Another class of pornography victims is the producers. Porn actors are much more likely to have sexually transmitted infections. Despite porn industry claims that STIs are closely monitored, a 2012 Journal of Sexually Transmitted Diseases study found that a third of 168 “adult film actors” tested had a previously undiagnosed STD. One of the authors stated, “One important finding of this study is that performers had more undiagnosed infections than previously thought and were thus more likely to transmit these infections despite compliance with screening standards common to the industry.” About one in six female porn stars had simultaneous oral, vaginal, and anal STIs. Furthermore, while most sexually-exploited trafficked women and children are victims of prostitution, the National Center for Missing and Exploited Children and the Department of Justice both recognize that pornography “adds to the serious problem of sex trafficking” with a growing number of arrested human traffickers found with cameras that are used to create and sell pornography.
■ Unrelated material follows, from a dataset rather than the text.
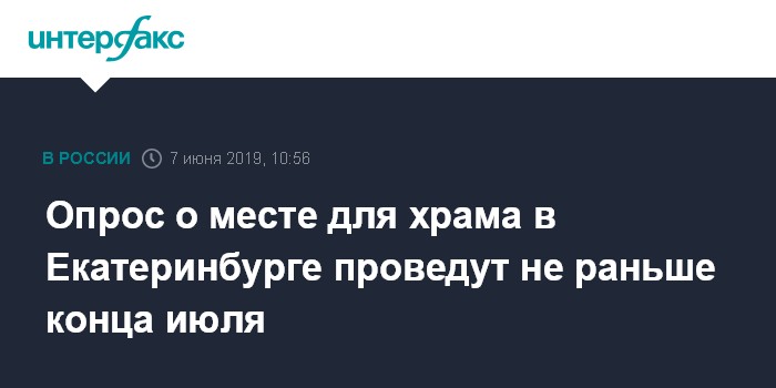 Москва. 7 июня. INTERFAX.RU - Глава Екатеринбурга Александр Высокинский в пятницу заявил, что опрос горожан по поводу места для строительства храма святой Екатерины может пройти в конце июля или осенью.

Yet another class of pornography victims are those sexually and physically assaulted by pornography users. Since the 1980s, studies have shown a link between sexual violence and violence against women and porn use among perpetrators of such crimes.
There is overwhelmingly evidence that pornography is harmful to users, their families, and the broader population.
For those who believe policies should be based on evidence, not value judgments, the case against pornography is overwhelming. The social science seems to prove the wisdom in most major religions, including Christianity, Judaism, and Islam, having all condemned pornography as a sin or moral failing. Pornography turns the object of sexual desire into objects rather than equals, degrading sex to a transactional function, rather than an expression of the unity of partners taking part in God’s ordained procreative act. Those unwilling to listen to the moral arguments against pornography should still be able to hear the cry against pornography that researchers have found documenting the dangers that the pervasive porn culture inflicts on society.